Sam - 19-Oct-15 @ 3:36 PM
Twix - Your Question:
HelloI have worked for the NHS for 40 years.I have been informed that I am at 'Risk' due to organisational re-structure/merger.I'm going thought the Redeployment stage. HR provide lists of vacancies however there is nothing suitable. HR phoned asking how I was progressing looking for another job and that they will noe phone me each week for a progress report. Can HR do this and also make me apply for other jobs? This is a 'new' organisation that does not require my services,so why should I change jobs,they should pay/make me redundant.

Our Response:
I suggest in this instance you give ACAS a call, especially if you are feeling under pressure by this new company. You can do so via the link here.
RedundancyExpert - 28-Aug-15 @ 12:24 PM
Hello I have worked for the NHS for 40 years.I have been informed that i am at 'Risk' due to organisational re-structure/merger.I'm going thought the Redeployment stage. HR provide lists of vacancies however there is nothing suitable. HR phoned asking how i was progressing looking for another job and that they will noe phone me each week for a progress report. Can HR do this and also make me apply for other jobs? This is a 'new' organisation that does not require my services,so why should i change jobs,they should pay/make me redundant.
Twix - 27-Aug-15 @ 2:47 PM
@dnviessk - you should have received a letter telling you how much will be paid to you. However, if not, you can check how much you should be paid by the gov.uk link ' calculate your statutory redundancy pay', here. I hope this helps.
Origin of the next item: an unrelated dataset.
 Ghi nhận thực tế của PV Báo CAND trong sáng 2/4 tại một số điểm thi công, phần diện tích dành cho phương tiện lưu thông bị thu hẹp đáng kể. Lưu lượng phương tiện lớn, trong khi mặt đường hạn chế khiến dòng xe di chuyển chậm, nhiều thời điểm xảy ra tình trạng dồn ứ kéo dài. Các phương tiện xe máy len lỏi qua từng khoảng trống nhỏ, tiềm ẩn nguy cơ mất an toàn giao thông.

RedundancyExpert - 18-May-15 @ 11:50 AM
Hello, I am going to made redundant next month and I know this is for sure... I have 3 months notice in my contract and my payday is on the 24th. I still have 15 days holidays. My questions are: - How much money can I expect from my company at the end on my employment? Is it fair to assume that a 3 x £2500 (I am on £30K) / an untaxed amountas per y notice period will be paid to me On top of that my unused holidays will also be paid in full to me which £1875 I am aware there's also a week payment paid (as I've been working over a year for my employer)which will give e £ 625 untaxed too. Are my assumptions right ? Please let me know
dnviessk - 14-May-15 @ 5:20 PM
@Taff - usually it is the other way around and employers generally offer higher than normal levels of redundancy compensation, usually in a big lump sum, as an incentive for staff to leave voluntarily.By doing it this way around, and offering the statutory pay first, and a better deal if you stay in your job, it's not really encouraging anyone to apply is it?
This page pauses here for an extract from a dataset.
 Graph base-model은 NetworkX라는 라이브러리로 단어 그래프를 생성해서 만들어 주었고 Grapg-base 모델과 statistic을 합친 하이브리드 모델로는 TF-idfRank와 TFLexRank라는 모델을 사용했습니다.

BenJ - 12-Nov-14 @ 11:37 AM
My company has just announced that that they require to have 12 redundancys in the first instance they are asking for volunteers and the redunuance package is just statutory but our compulsey package is far more generous is this legal
taff - 11-Nov-14 @ 5:48 PM
Hi, could someone help please? I have been given VOLUNTARY redundancy. My question is - Am I entitled to the time off detailed above to search for a new job? Thanks
filing9 - 24-Jul-14 @ 1:29 AM
@Lisa, the fact that you will have redundancy pay may effect your right to claim benefits. Here's a link to www.gov.uk where you can find out more info relating to JSA and benefits. The number to call is also on the website and they will be able to help you understand what you will be entitled to and when.
RedundancyExpert - 14-Jul-14 @ 12:10 PM
I have been served 12 weeks redundancy notice.We have been told we can leave withing this time and still be entitled to our redundancy payment.If I left say in two weeks time, would I be able to claim Job seekers allowance while I was out of work?I am entitled to it as per the rest of my circumstances.